The main script run_clm_no_trainer.py supports all standard Hugging Face training arguments plus optical transformer-specific configurations:

accelerate launch --num_processes=1 \
    run_clm_no_trainer.py \
    --model_name_or_path "AICrossSim/clm-60m" \
    --dataset_name "Cheng98/fineweb-edu-1.25B" \
    --per_device_train_batch_size 8 \
    --learning_rate 2e-5 \
    --weight_decay 0.01 \
    --num_train_epochs 1 \
    --gradient_accumulation_steps 2 \
    --lr_scheduler_type linear \
    --output_dir "./output/clm-60m-optical" \
    --preprocessing_num_workers 32 \
    --trust_remote_code \
    --with_tracking \
    --report_to wandb \
    --transform_cfg ./transform_cfg.toml \
    --block_size 1024 \
    --log_train_loss_steps 50

Learning Rate Selection

Based on our experiments, optical transformer fine-tuning requires very small learning rates (< 1e-5) to achieve stable training. Using larger learning rates may cause training instability. The larger the model, the smaller learning rate is recommended.
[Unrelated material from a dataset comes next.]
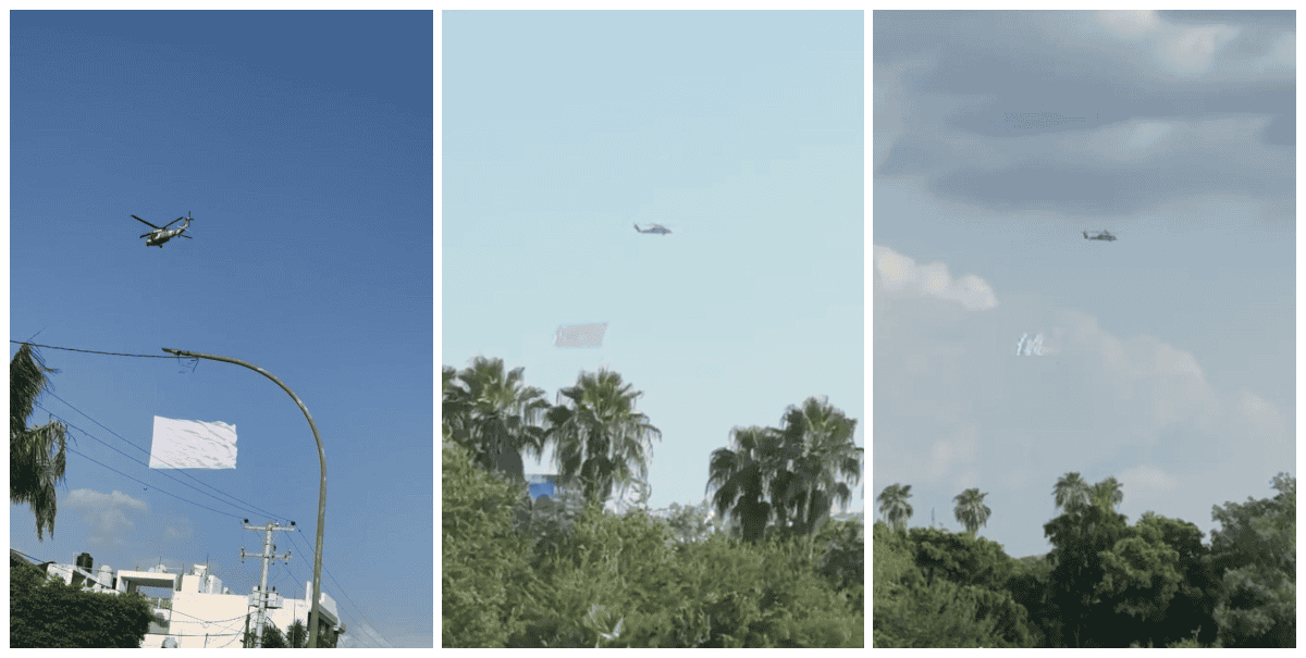 Un helicóptero de la Marina sobrevoló diferentes zonas de Culiacán ondeando una bandera de color blanco, acción que llamó la atención de cientos de ciudadanos que lo interpretaron como una señal de paz ante los enfrentamientos que comenzaron el pasado 9 de septiembre.

A failed run may produce loss divergence like the following:

Loss Divergence
CLM-400M with learning rate too high

Using Bash Script

For convenience, we provide a parameterized shell script fine-tune-ot-clm.sh that automatically calculates training steps and sets up appropriate configurations:

# Basic usage with default parameters
./fine-tune-ot-clm.sh

# Customized parameters
# Usage: ./fine-tune-ot-clm.sh [num_processes] [model_name_or_path] [per_device_train_batch_size] [learning_rate] [weight_decay] [gradient_accumulation_steps] [block_size]

./fine-tune-ot-clm.sh 2 "AICrossSim/clm-200m" 4 "1e-5" 0.01 4 1024

The script automatically: 1. Calculates the appropriate number of training steps based on model size 2. Sets up output directories with descriptive names 3. Configures Wandb logging with relevant tags 4. Applies the optical transformer configuration

Hyperparameter Sweeping

For learning rate exploration, use the sweep.sh script:

# Edit sweep.sh to configure your desired learning rate ranges
./sweep.sh

Results

Here we pick the training traces with smallest final training loss for each model size:

ONN-CLM Results
Optical Transformer Fine-tuning Results on CLM Models

The results indicate that full fine-tuning of pretrained optical CLM models does not scale as well as standard CLM fine-tuning. We only observe moderate improvements in training loss for smaller models (60M -> 200M), while larger models (400M, 600M) even show degradation in performance.

Info

The traces above are smoothed for better visualization, and can be found in full detail in the Wandb logs.

60M 200M 400M 600M
Wandb Log Wandb Log Wandb Log Wandb Log

More traces with various learning rates can be found at Wandb Project: OT-CLM-full-ft.